Hatte vor zwei Jahren eine kleine Bißstelle oberhalb des Knie´s ,eine Zecke hatte ich nicht
bemerkt und wenn ich sehe wie lange so´n Biest brauch sich an  meiner Katze zu füllen ist es unwahrscheinlich
das es bei mir schneller geht .Jedenfalls nach gut zwei Wochen hat sich die sogenannte Wanderröte eingestellt
und es wurden bei mir Borrelien festgestellt ,Antibiotikas haben es dann mit ihren Nebenwirkungen wieder
geklärt ,bis vor 50 Jahren kannte ich die Plage nur bei Igeln und selten mal an einer Katze,heut begaffe
ich mich jeden Abend vor dem Spiegel wie eine Diva ob´s mich mal wieder erwischt hat .


----------



## Deep Down (13. Juni 2019)

Am Besten zu dem bereits frisch geduscht und mit frischen Klamotten los, dann duftet man nicht gleich so verlockend für die Biester!
Nach dem Herauskommen aus dem Gestrüpp sofort äußerlich absuchen und mit den Händen die Klamotten abschlagen. Zu hause dann sofort (!) duschen und die Klamotten nochmal über der Badewanne aussschütteln. Die Klamotten bloss nicht aufs Bett, Sofa oder Sessel etc schmeissen. Die Biester können sich nämlich auch aus den Klamotten noch in den heimischen vier Wänden auf die Suche machen und im Bett oder auf dem Sofa müssen sie nicht lange suchen. Schuhe am Besten vor der Wohnungstür stehen lassen.   
Es gibt Gerüchte, wonach die Biester auch nen Waschgang der Klamotten bei  niedrigen Temperaturen überleben, einen Trockner aber wohl nicht. Sicher kann man sich dabei aber auch nicht sein.

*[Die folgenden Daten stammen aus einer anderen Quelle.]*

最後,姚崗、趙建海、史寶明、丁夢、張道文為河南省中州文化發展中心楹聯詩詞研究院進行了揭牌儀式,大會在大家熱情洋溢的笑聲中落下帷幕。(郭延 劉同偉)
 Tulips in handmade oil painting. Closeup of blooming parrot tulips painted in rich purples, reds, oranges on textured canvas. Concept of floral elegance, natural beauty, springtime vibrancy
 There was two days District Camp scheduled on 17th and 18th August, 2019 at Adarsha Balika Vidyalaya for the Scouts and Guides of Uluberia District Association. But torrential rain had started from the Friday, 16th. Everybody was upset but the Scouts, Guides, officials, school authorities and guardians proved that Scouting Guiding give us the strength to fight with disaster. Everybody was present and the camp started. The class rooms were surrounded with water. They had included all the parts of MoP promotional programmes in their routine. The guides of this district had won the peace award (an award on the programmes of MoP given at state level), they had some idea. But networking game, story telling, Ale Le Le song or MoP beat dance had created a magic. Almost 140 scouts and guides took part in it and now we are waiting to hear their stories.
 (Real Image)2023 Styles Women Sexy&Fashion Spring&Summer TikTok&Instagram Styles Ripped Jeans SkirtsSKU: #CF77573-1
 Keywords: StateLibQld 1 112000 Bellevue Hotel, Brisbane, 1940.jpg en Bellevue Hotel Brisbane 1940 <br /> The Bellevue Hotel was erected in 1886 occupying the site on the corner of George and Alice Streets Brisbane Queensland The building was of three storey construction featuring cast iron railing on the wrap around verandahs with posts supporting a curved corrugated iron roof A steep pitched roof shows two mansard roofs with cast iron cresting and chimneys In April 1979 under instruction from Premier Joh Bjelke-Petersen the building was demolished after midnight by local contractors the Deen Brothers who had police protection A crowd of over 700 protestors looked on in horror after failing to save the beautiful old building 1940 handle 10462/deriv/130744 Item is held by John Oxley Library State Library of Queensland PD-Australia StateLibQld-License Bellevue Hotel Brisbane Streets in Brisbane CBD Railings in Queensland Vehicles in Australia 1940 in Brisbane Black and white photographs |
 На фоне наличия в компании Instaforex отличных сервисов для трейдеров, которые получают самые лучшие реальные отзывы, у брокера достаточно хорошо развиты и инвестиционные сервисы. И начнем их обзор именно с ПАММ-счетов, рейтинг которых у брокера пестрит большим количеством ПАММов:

Ich sprühe mit Autan z.b auch meine Schuhe und Hosen ein, wenn es sein muss zusätzlich auch noch das Hemd.


----------



## Hecht100+ (13. Juni 2019)

Was muss ich ein Glück haben, in über 50 Jahren nur 1 Zecke. Dafür trifft es meine Holde mehrmals im Jahr. Ich bin aber auch im Sommer immer in lang gekleidet, muss dann wohl was ausmachen.


----------



## Sensitivfischer (14. Juni 2019)

Soweit ganz nice der Beitrag, aber ein paar Infos darüber hinaus hätte man geben können:

1. Gegen FSME kann man impfen lassen, will aber überlegt sein, denn die FSME- Impfung ist verträglichkeitstechnisch "nicht ganz ohne", wie man so schön sagt. Bevor ich die machen ließe, würde ich mich erst einmal mit konkreten Fallzahlen meiner Region vertraut machen.
Erfahrungsgemäß sind die meisten "Problembekanntschaften" mit Zecken solche, die in einer Borreliose enden!!!
Ich kenne einige Fälle von Borreliose in meinem Bekanntenkreis, aber nicht einen Fall von FSME!

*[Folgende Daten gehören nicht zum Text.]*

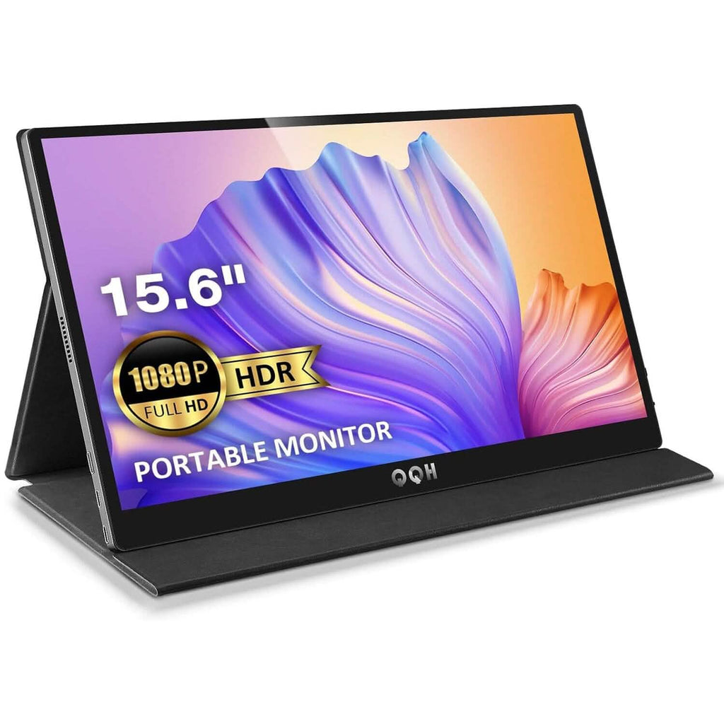 - FHD Portable Monitor: QQH 15.6-inch portable screen for laptop, with 1920*1080 resolution, more realistic, vivid image & video. 60Hz IPS LCD screen. The HDR mode enhances the color of your gaming world. Low blue light 0-100 adjustable, increase for eyes-care, no flickering/stuck, easier to deal with your multi-work, studying, entertainment.
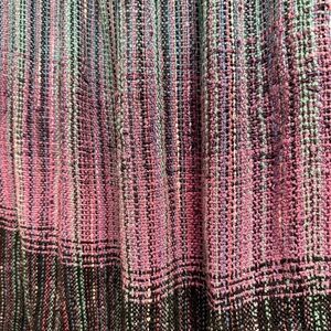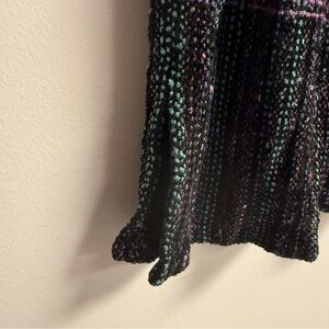 Details- This is a vintage handmade woven knit A-line skirt that features a beautiful ombre color scheme in black, purple and teal. Small slits on each side although when I wore it I liked to put them front to back. Elastic waist. Lightweight and not scratchy like some other knit skirts can be!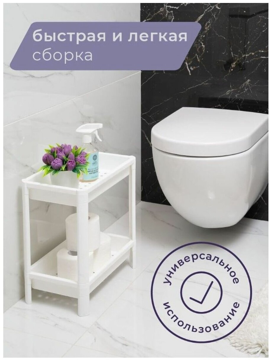Этажерка Violet для хранения 2х ярусная VIKEA широкая, цвет белый / стеллаж для кухни и ванной
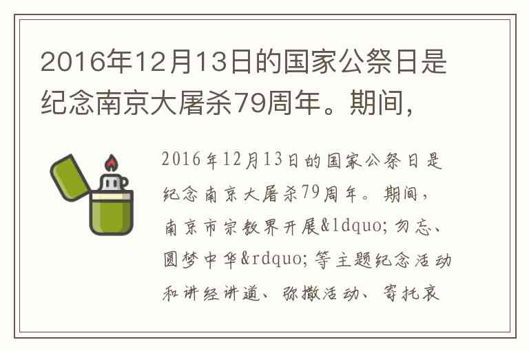 南京市宗教界在国家公祭日期间开展“勿忘、圆梦中华”等主题纪念活动,体现了宗教活动与国家民族利益的结合。这反映出我国宗教团体主动将自身活动与社会发展、民族利益相联系,在纪念历史、祈祷和平中发挥积极作用。

2. Wer eine Zecke bei sich findet, die bereits angedockt ist, sollte diese nicht nur möglichst schnell entfernen, sondern auch aufheben!!!
Töten stellt kaum ein Problem dar, aber trotzdem aufheben.
Rein in einen kleinen Zippbeutel, mit Datum beschriften, ab in den Kühlschrank. Bei Problemen (z.B. Wanderrröte) sofort ins nächste Krankenhaus zum Arzt und die Zecke mitnehmen. Das Ding ist fürs Labor und  im Endeffekt für dich wertvoll.(konkrete Erregerbestimmung, den Borrelien sind nicht gleich Borrelien)

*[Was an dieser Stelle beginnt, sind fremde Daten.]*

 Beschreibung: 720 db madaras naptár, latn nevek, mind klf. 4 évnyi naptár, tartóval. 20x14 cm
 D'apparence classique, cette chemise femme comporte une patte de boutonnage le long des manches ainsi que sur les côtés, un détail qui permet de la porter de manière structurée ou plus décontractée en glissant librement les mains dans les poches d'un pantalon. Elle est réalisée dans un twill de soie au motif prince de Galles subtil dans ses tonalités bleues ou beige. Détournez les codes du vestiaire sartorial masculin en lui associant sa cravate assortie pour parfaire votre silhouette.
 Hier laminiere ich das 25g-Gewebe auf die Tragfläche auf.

3. Immer kritisch hinterfragen, zu welchem Arzt man sich ggf. nach einem Zeckenbiss begibt und penetrant sein. Der Husten-Schnupfen- Allgemeinmediziner gerne als Hausarzt benannt, hat nicht selten soviel Ahnung wie der Hahn vom Eier legen, wenn es um das Thema Zecken und die richtige Antibiotikatherapie geht.
Ne Therapie von wenigen Wochen, die nur einen Wirkstoff beinhaltet, der ein Breitbandantibiotikum darstellt(sowas kann man zur Not googeln) sollte die Alarmglocken schrillen lassen. Eine derartige Behandlung bringt dir als Patient soviel Sicherheit und Gewinn, wie ein Placebo!!!

4. Zeckenbisse, sollte man dokumentieren!
Egal wie unauffällig, egal ob das Tier sich schon soviel Blut von dir gesaugt hat, dass der Laib leicht aufgeblasen war oder eben gar noch nicht.
Der Zeckenbiss kann leicht zehn Jahre her sein, aber jetzt hast du erst Symptome und kaum ein Arzt bringt diese, nicht selten sehr unspezifischen Symptome, mit einem Zeckenbiss in Kontext. Da kann es enorm hilfreich sein, den Tipp mit dem Zeckenbiss ins Spiel und das Tier und/oder die Dokumentation dazu, ins Spiel bringen zu können!
Das kann darüber entscheiden ob man den Rest seines Lebens halbseitig gelähmt ist oder nicht!!!


----------



## Sensitivfischer (15. Juni 2019)

alexpp schrieb:


> Bezüglich Borreliose: man sollte die Zecken mit Zeckenpinzetten zwar schnell entfernen, aber mein Hausarzt meinte, der Biss würde schon genügen, *wenn man Pech hat*....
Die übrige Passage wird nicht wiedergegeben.